Attended a presentation on Saturday for SilverLeaf's Hill Country Resort in order to get some free Spurs tickets and a mini-vacation to the Great Wolf Lodge in Dallas.  Went with the wife intent on saying no repeatedly and walking out unscathed.  But as can happen, the sales pitch was great, the pressure was mounting and before I knew it we were signing an agreement.  At the time, I felt like I'd gotten a decent deal but when I got home I started doing some research.  Many of the points that sold us on the timeshare appear to have been greatly overstated and then come to find out, thanks to this site, you can do it much, much cheaper.  Luckily I came across this site and learned of the rescinding process.  I sent an email today and will follow it up with a certified letter and fax tomorrow requesting the contract be cancelled.  Hopefully it all goes smoothly, I can get my deposit back and the contract cancelled and then can move on to the business of purchasing a timeshare the right way.  Thanks to all that post on here and I greatly look forward to your insight and guidance along the way as my family and I purchase our first timeshare.  Again, thanks...great site.


----------



## Htoo0 (Dec 22, 2013)

Good luck! Glad you found the site. (And I'm glad it's here.)


----------



## DaveNV (Dec 22, 2013)

Congratulations on rescinding in time.  Just be certain you follow their rescission process TO THE LETTER. If you skip one part, or do it via a different form, they may not honor your request. Be cautious to make sure you're doing it right.

Dave


----------



## dkny13212 (Dec 22, 2013)

Will do.  It's pretty basic though.  All it says is to "mail notice by prepaid US mail to the developer" and provides an address.  For our own safety we are doing return receipt and also hitting them by email and fax.  Should have all the bases covered.  Hopefully it goes well but from what I have read on here, SilverLeaf is pretty good with the rescission process.  Thanks!


----------



## csxjohn (Dec 22, 2013)

dkny13212 said:


> Will do.  It's pretty basic though.  All it says is to "mail notice by prepaid US mail to the developer" and provides an address.  For our own safety we are doing return receipt and also hitting them by email and fax.  Should have all the bases covered.  Hopefully it goes well but from what I have read on here, SilverLeaf is pretty good with the rescission process.  Thanks!

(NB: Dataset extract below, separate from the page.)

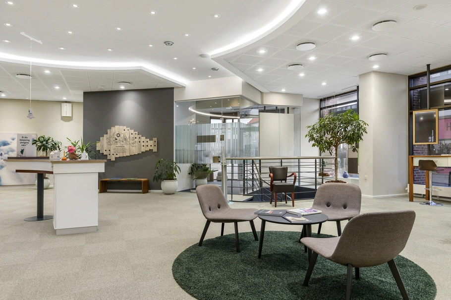 Ejendommen består af to etager samt en kælder. Stueetagen rummer et fælleskontor med plads til flere arbejdsstationer samt flere mindre mødelokaler. På 1. sal finder man et stort, lyst konferencerum, yderligere mødelokaler samt personalefaciliteter.

When it's all done tell us how much you saved by rescinding so it can be added to the total that TUGBrian is keeping.

Glad you found this site and welcome.


----------



## LannyPC (Dec 23, 2013)

dkny13212 said:


> Many of the points that sold us on the timeshare appear to have been greatly overstated...



That happens almost all the time at these presentations.  That's why so many people fall for these sales pitches and buy overpriced, worthless timeshares


----------



## theo (Dec 23, 2013)

*The is only ONE "base" to cover to rescind properly...*



dkny13212 said:


> <snip> For our own safety we are doing return receipt and also hitting them by email and fax.  Should have all the bases covered. <snip>



The email and fax "rescission communications" you sent are meaningless and irrelevant, legally speaking.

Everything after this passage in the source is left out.